With the pictures removed, set down all of the entries below exactly.

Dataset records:

□ □ □ □ □ □ □

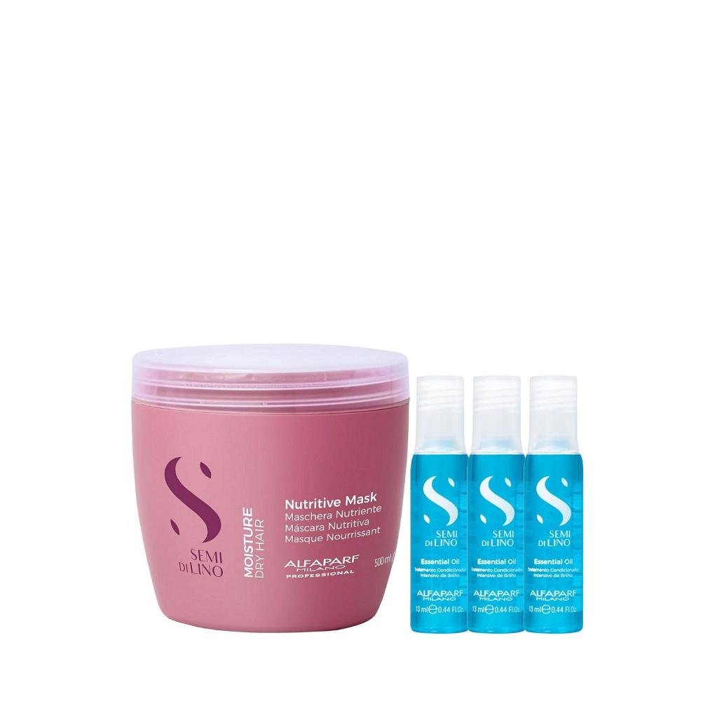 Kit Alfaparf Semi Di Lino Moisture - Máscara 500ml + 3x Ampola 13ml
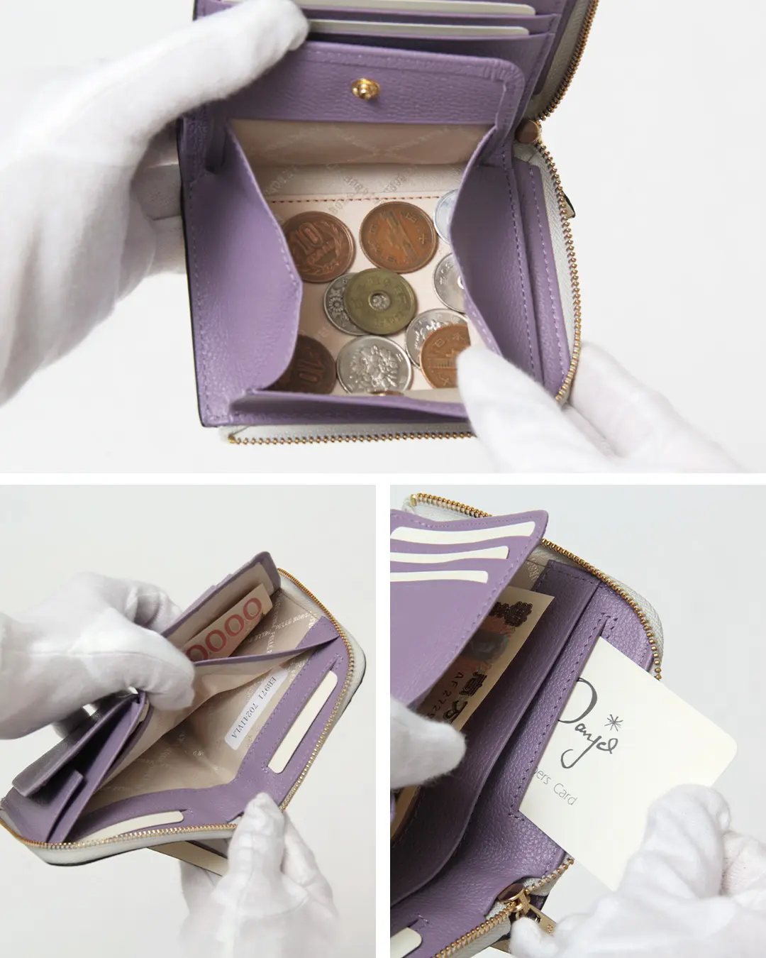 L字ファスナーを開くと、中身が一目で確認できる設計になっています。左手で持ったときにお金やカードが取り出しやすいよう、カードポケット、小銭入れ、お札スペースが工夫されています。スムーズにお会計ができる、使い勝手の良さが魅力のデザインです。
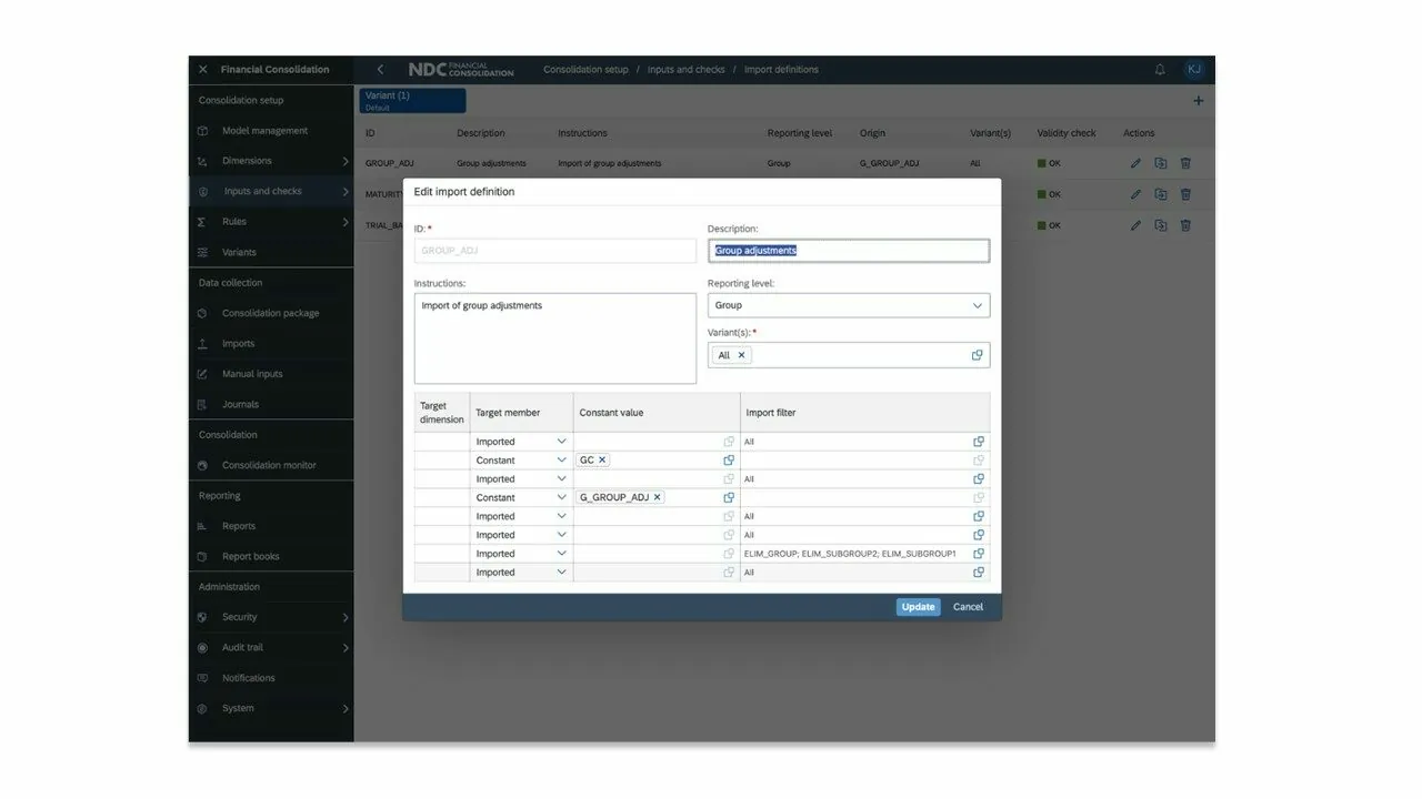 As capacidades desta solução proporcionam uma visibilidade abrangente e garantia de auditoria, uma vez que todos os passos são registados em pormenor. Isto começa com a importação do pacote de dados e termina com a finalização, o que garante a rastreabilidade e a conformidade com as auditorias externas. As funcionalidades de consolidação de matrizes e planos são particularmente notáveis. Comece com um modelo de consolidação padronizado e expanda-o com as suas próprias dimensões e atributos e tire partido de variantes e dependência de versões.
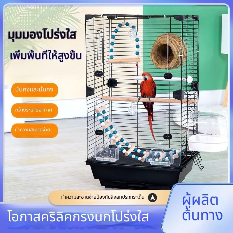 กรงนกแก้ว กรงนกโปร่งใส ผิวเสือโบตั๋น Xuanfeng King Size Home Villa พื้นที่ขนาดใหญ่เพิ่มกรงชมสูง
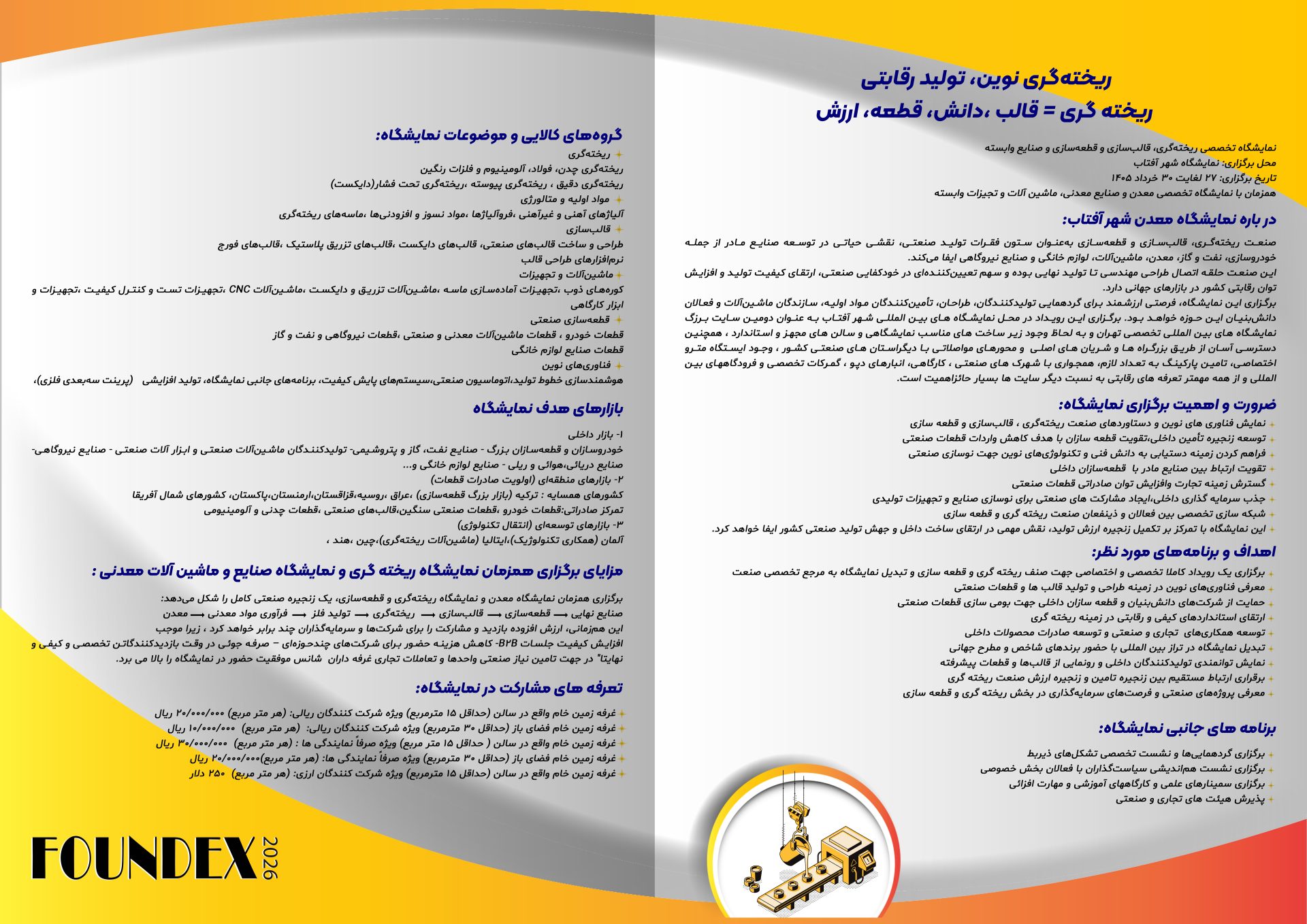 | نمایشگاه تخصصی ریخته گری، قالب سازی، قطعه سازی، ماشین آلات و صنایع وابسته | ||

□ □ □ □ □ □ □

Result of the task:
 Kit Alfaparf Semi Di Lino Moisture - Máscara 500ml + 3x Ampola 13ml
 L字ファスナーを開くと、中身が一目で確認できる設計になっています。左手で持ったときにお金やカードが取り出しやすいよう、カードポケット、小銭入れ、お札スペースが工夫されています。スムーズにお会計ができる、使い勝手の良さが魅力のデザインです。
 As capacidades desta solução proporcionam uma visibilidade abrangente e garantia de auditoria, uma vez que todos os passos são registados em pormenor. Isto começa com a importação do pacote de dados e termina com a finalização, o que garante a rastreabilidade e a conformidade com as auditorias externas. As funcionalidades de consolidação de matrizes e planos são particularmente notáveis. Comece com um modelo de consolidação padronizado e expanda-o com as suas próprias dimensões e atributos e tire partido de variantes e dependência de versões.
 กรงนกแก้ว กรงนกโปร่งใส ผิวเสือโบตั๋น Xuanfeng King Size Home Villa พื้นที่ขนาดใหญ่เพิ่มกรงชมสูง
 | نمایشگاه تخصصی ریخته گری، قالب سازی، قطعه سازی، ماشین آلات و صنایع وابسته | ||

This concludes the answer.